#### WHAT THE TASK REQUIRES:
Taking the line with "Fuchsia upper with" as the first and the line with "- ›Автомагнітола штатна" as the last, set down the lines below exactly, pictures excluded.

#### EXTRACTED RECORDS:
● ● ● ● ●

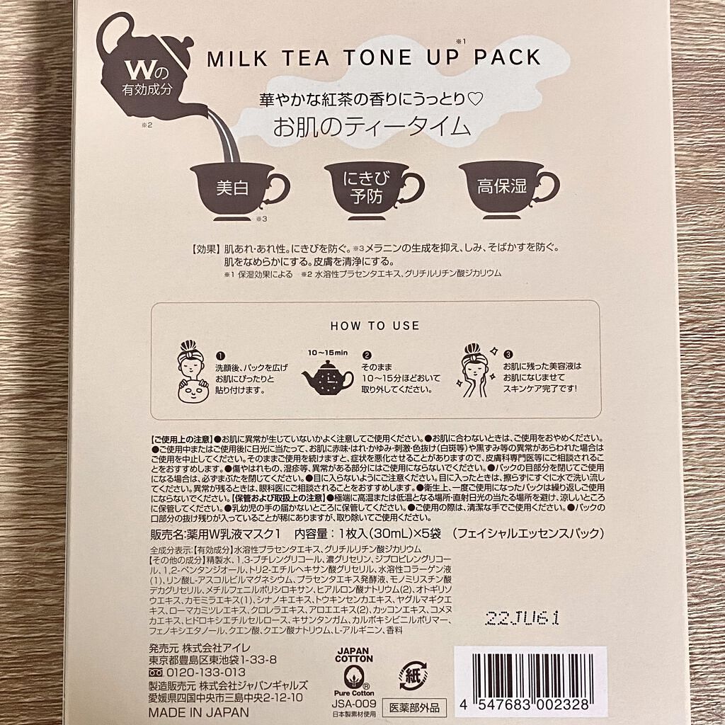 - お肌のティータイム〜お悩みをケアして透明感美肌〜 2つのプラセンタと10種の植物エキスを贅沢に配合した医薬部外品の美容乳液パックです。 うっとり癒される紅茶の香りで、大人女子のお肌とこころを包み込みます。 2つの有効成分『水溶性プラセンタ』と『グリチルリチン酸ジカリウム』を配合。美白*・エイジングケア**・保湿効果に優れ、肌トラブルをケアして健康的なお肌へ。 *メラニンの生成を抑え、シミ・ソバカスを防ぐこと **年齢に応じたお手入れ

● ● ● ● ●

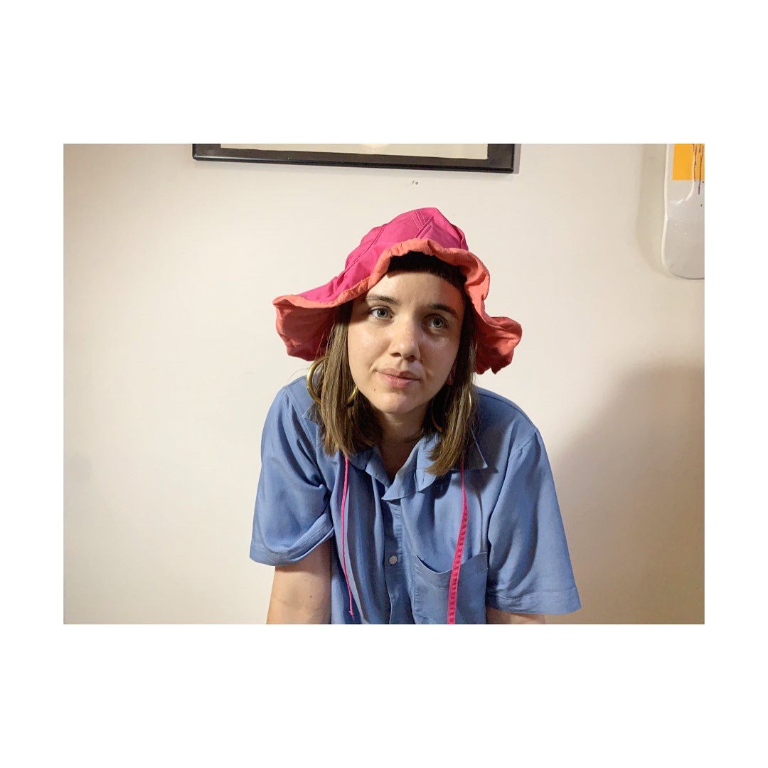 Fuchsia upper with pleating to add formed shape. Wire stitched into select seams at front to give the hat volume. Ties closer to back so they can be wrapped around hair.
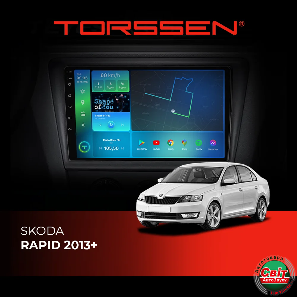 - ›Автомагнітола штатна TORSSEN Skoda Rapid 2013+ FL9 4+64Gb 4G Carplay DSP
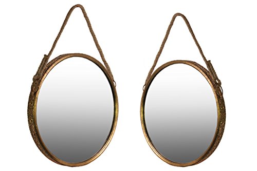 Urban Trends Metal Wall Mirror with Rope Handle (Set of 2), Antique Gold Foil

● ● ● ● ●

#### RESPONSE TO THE EXERCISE:
 Fuchsia upper with pleating to add formed shape. Wire stitched into select seams at front to give the hat volume. Ties closer to back so they can be wrapped around hair.
 - ›Автомагнітола штатна TORSSEN Skoda Rapid 2013+ FL9 4+64Gb 4G Carplay DSP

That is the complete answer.